(Data records)
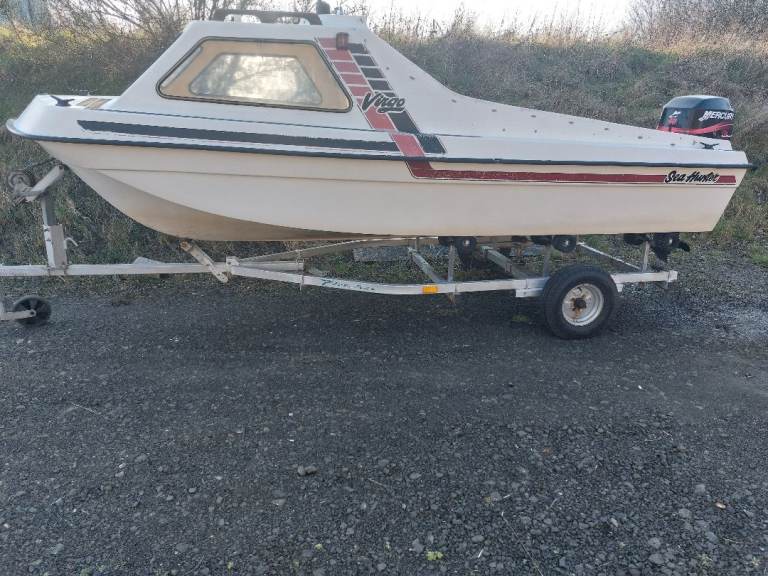 For sale is this Sea Hunter virgo 15 1/2ft fishing boat. Nice economical four stroke engine serviced last season. Power trim and tilt. New tyres and wheel bearings fitted. Forward cushions, open deck, paddles, anchor, fenders. Ready for the season.
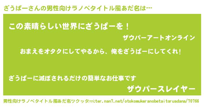 | ヒーロー風カッコイイあだ名 | 『正義の使者ざうぱー』『仮面ザウダー』 |
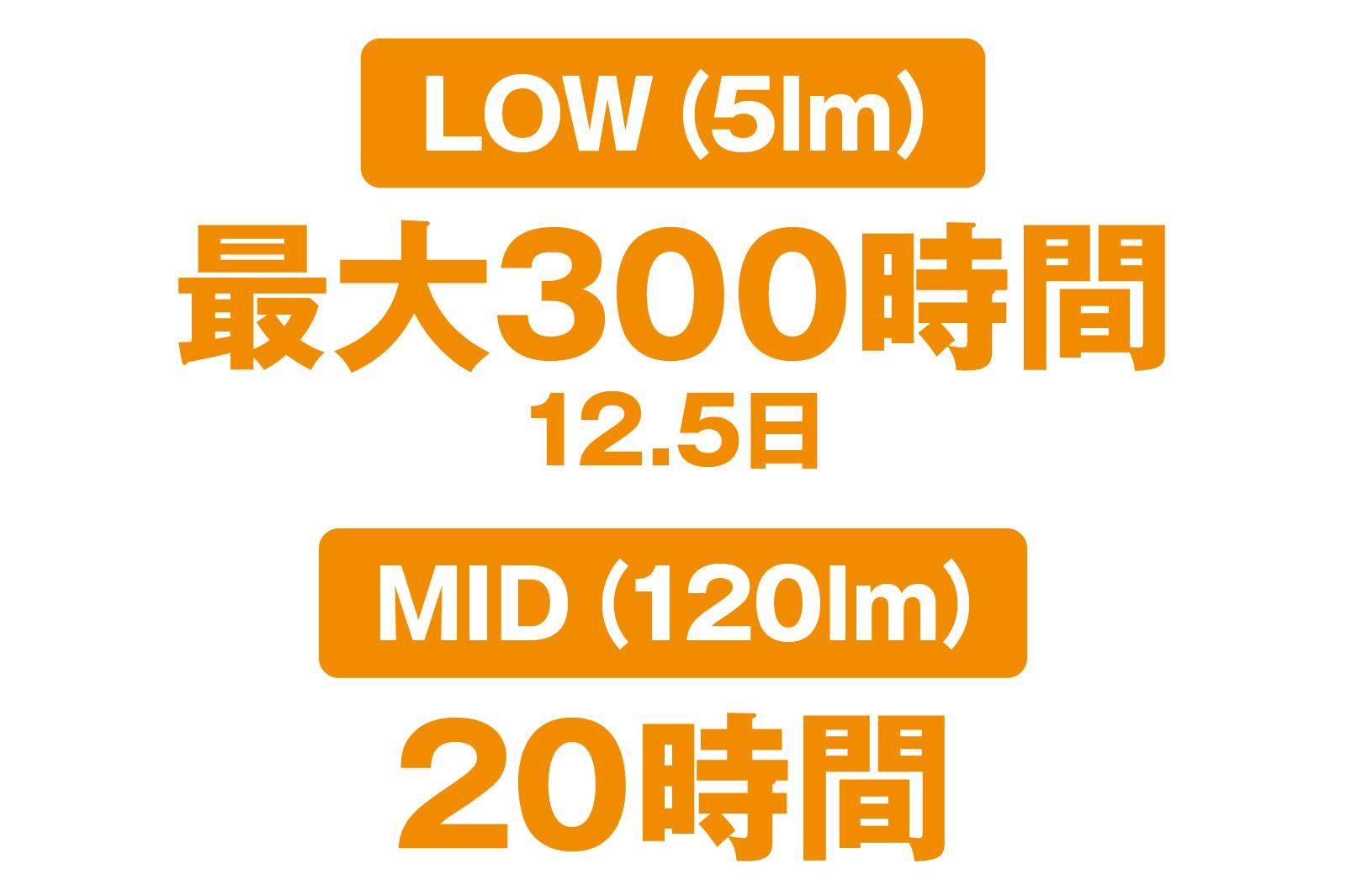 一般的な懐中電灯の光量のMID(120lm)なら20時間点灯します。
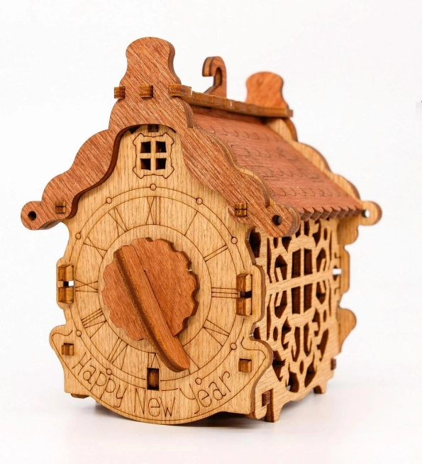 This decorative wooden house-shaped box with a clock face and “Happy New Year” inscription combines a clever puzzle mechanism with stylish design. Inside is space for a small item that the recipient can access only after solving the secret lock. With the hanging loop, you can easily place it on a Christmas tree or branch.
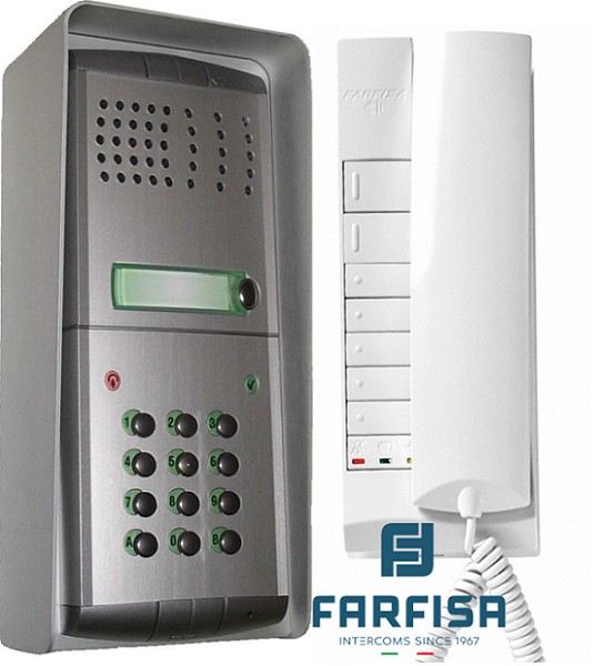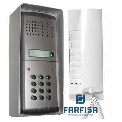 This door entry kit is part of Farfisa’s Reduced Wiring range and is comprised of a one-button Profilo module + keypad together with an Exhito audio handset.
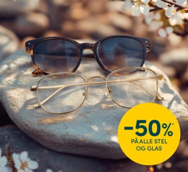 I en begrænset periode kan du få 50% rabat på alle stel og glas* (undtagen mærkerne Chanel, Dior, Gucci, Lindberg, Ørgreen, Lunor, Davidoff, Prada) under vores store forårsudsalg!* Få stilfulde briller, højkvalitetsglas og trendy solbriller med din styrke til halv pris!
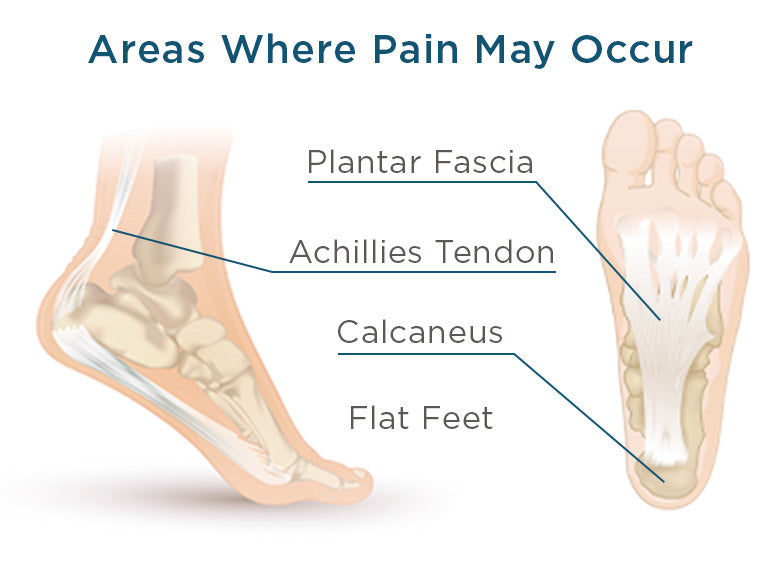 With plantar fasciitis, understanding where your pain is coming from is the first step to finding a solution. There are several areas of the foot where you might experience symptoms of plantar fasciitis. See if you can pinpoint the pain with this chart and be sure to consult a doctor if it continues.
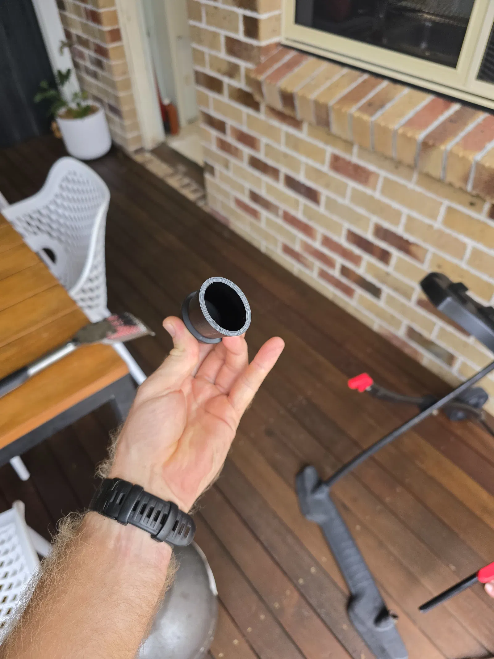Chân của cái stand của mình bị rỉ sét ngay chỗ nối với phần base nên gãy luôn. Mình cắt bỏ phần qua khỏi chỗ rỉ rồi làm cái “sleeve” này để gắn lại.
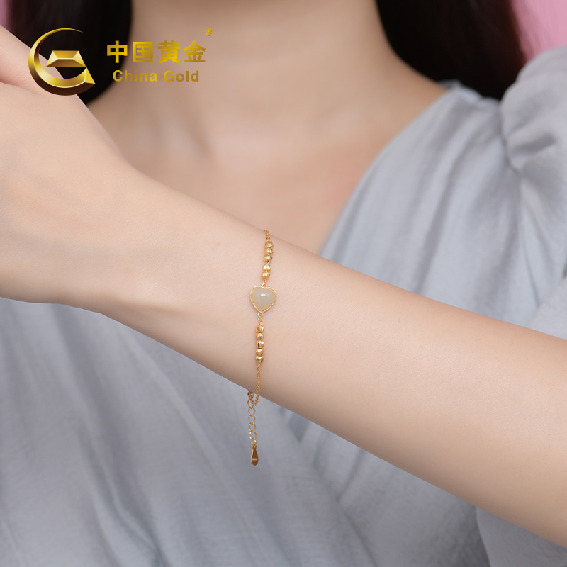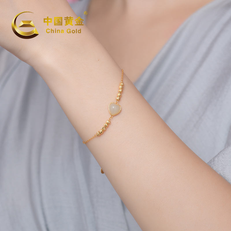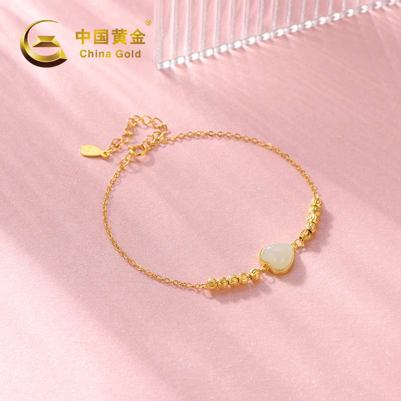 中国黄金珠宝首饰冰心玉洁 S925银镶和田玉手链手饰
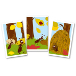 Съдържание: 15 карти от специален, дебел картон, и 30 картинки, от които може да направите 10 пъзела
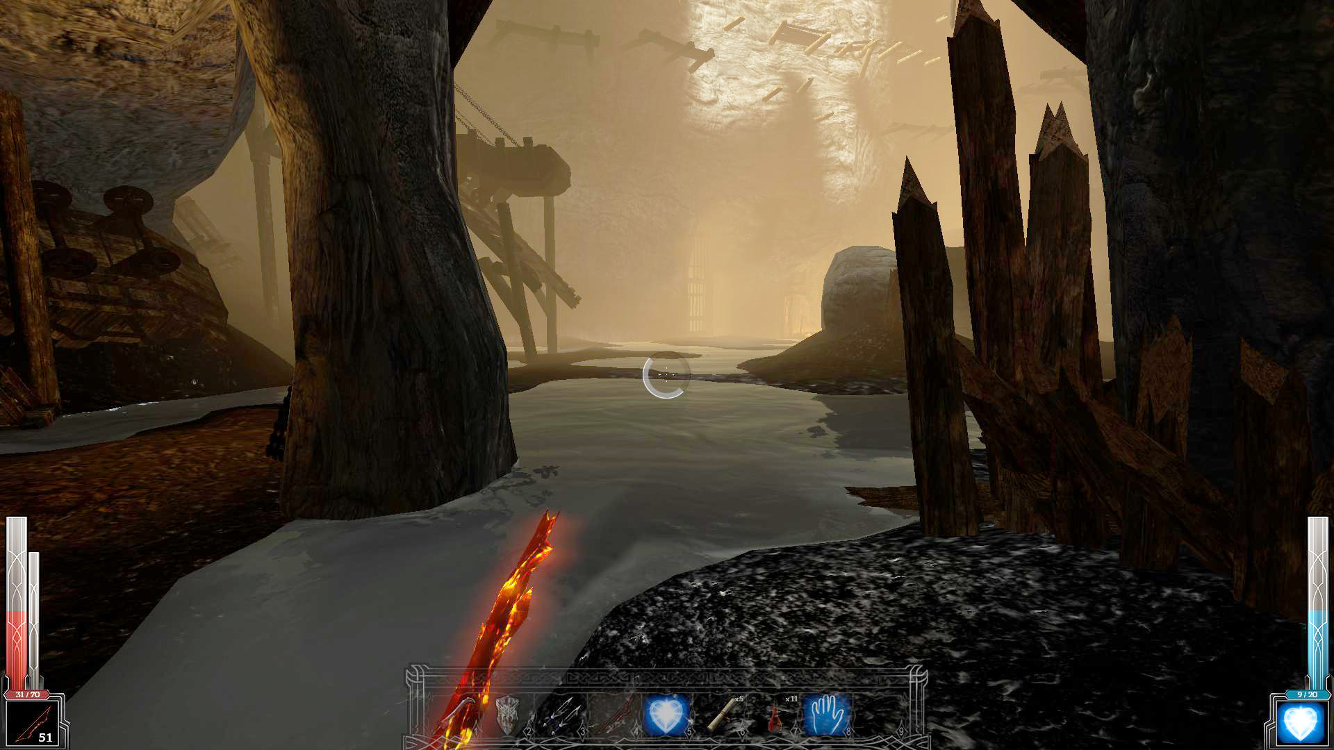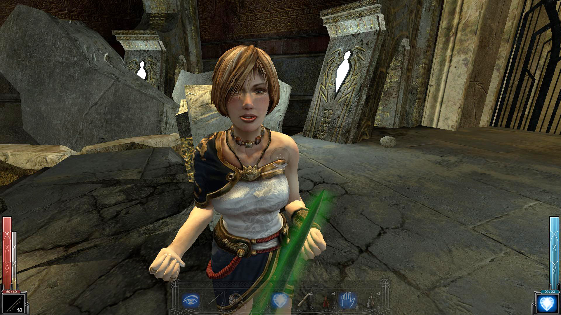 Те, кто знаком с игрой Half-Life 2 уже могут себе представить основные возможности по взаимодействию с окружающим миром в Dark Messiah, т.к. игры выполнены на общем движке Source. В Dark Messiah можно ломать деревянные предметы или поджигать их. Любые предметы можно поднимать (кнопка E) и бросать, выбирая силу броска длительностью нажатия на левую кнопку мыши. Помимо предметов, можно поднимать и перетаскивать тела врагов. Умение плыть под водой ограничивается выносливостью, которую можно развивать, а лазание по вертикальным цепям иногда позволяет отыскать секрет или перебраться в новую локацию, жаль только когда находишься на цепи, нет возможности использовать оружие и магию. Кое-где на карте припрятаны полезные предметы, которые находятся либо в ящиках со специальным символом, либо могут попасться в совершенно неожиданных местах.
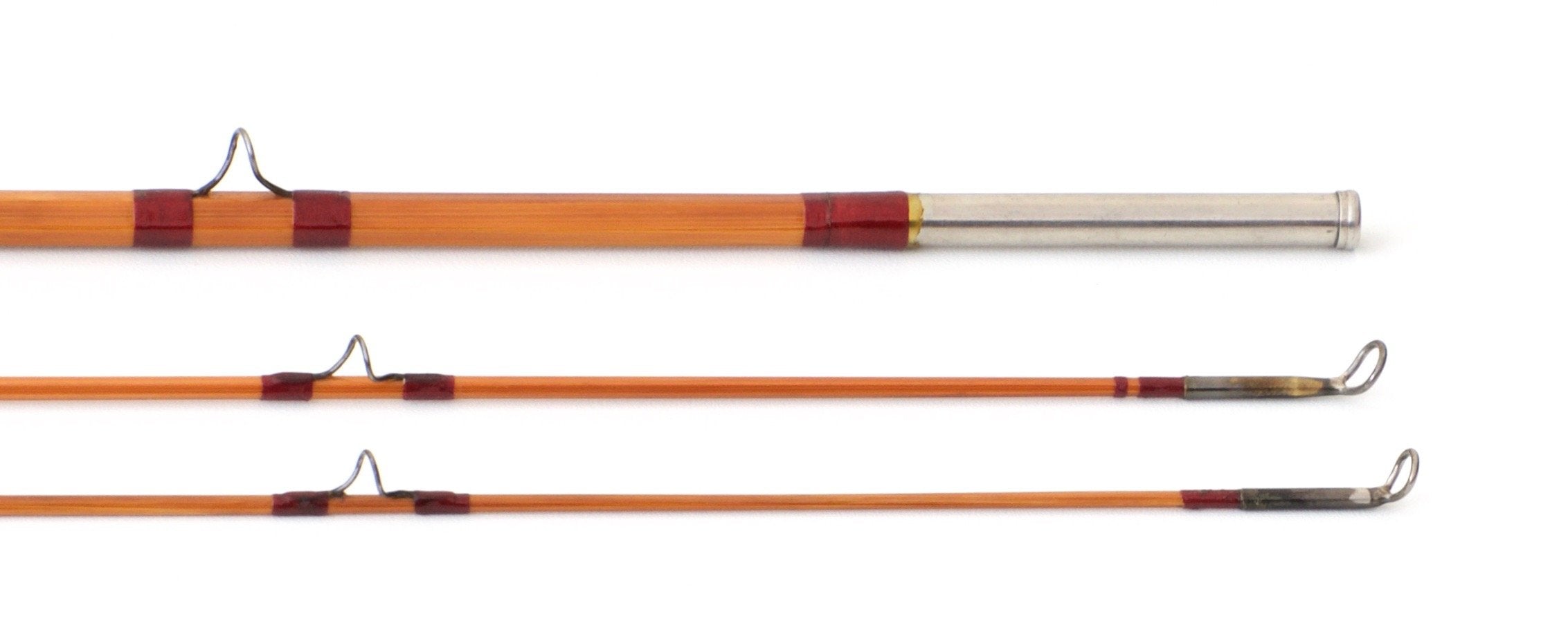 For sale here is a Paul Young Ace -- 8' 2/2 5-6wt bamboo rod. Excellent condition. The rod features medium-flamed cane, a smooth half wells grip with cork reel seat spacer and cap and ring reel seat with "Paul H. Young Co - Detroit" die-stamp on the butt cap. The ferrules are Pernack step-down type, size 14/64, and the fit is excellent. Dark burgundy wraps. The rod weighs 4.10 oz. with the original tip and 4.20 oz. with the replacement wet tip made by Bob Summers, who also provided a replacement cork grip and installed a hook-keeper. The second original tip was compromised and Bob agreed to make the replacement tip. Medium fast action and the taper is semi-parabolic. Very similar to a Para 15 but with a bit more cane in the butt section, making it less parabolic than the typical Para 15 he settled on later in the 1950s. Comes with original bag and tube.

### AIM OF THE TASK
In the entries above, find the line containing "Те, кто знаком". Transcribe it and every later line to the end, exactly, and leave out the pictures.

### WRITTEN RESPONSE
 Те, кто знаком с игрой Half-Life 2 уже могут себе представить основные возможности по взаимодействию с окружающим миром в Dark Messiah, т.к. игры выполнены на общем движке Source. В Dark Messiah можно ломать деревянные предметы или поджигать их. Любые предметы можно поднимать (кнопка E) и бросать, выбирая силу броска длительностью нажатия на левую кнопку мыши. Помимо предметов, можно поднимать и перетаскивать тела врагов. Умение плыть под водой ограничивается выносливостью, которую можно развивать, а лазание по вертикальным цепям иногда позволяет отыскать секрет или перебраться в новую локацию, жаль только когда находишься на цепи, нет возможности использовать оружие и магию. Кое-где на карте припрятаны полезные предметы, которые находятся либо в ящиках со специальным символом, либо могут попасться в совершенно неожиданных местах.
 For sale here is a Paul Young Ace -- 8' 2/2 5-6wt bamboo rod. Excellent condition. The rod features medium-flamed cane, a smooth half wells grip with cork reel seat spacer and cap and ring reel seat with "Paul H. Young Co - Detroit" die-stamp on the butt cap. The ferrules are Pernack step-down type, size 14/64, and the fit is excellent. Dark burgundy wraps. The rod weighs 4.10 oz. with the original tip and 4.20 oz. with the replacement wet tip made by Bob Summers, who also provided a replacement cork grip and installed a hook-keeper. The second original tip was compromised and Bob agreed to make the replacement tip. Medium fast action and the taper is semi-parabolic. Very similar to a Para 15 but with a bit more cane in the butt section, making it less parabolic than the typical Para 15 he settled on later in the 1950s. Comes with original bag and tube.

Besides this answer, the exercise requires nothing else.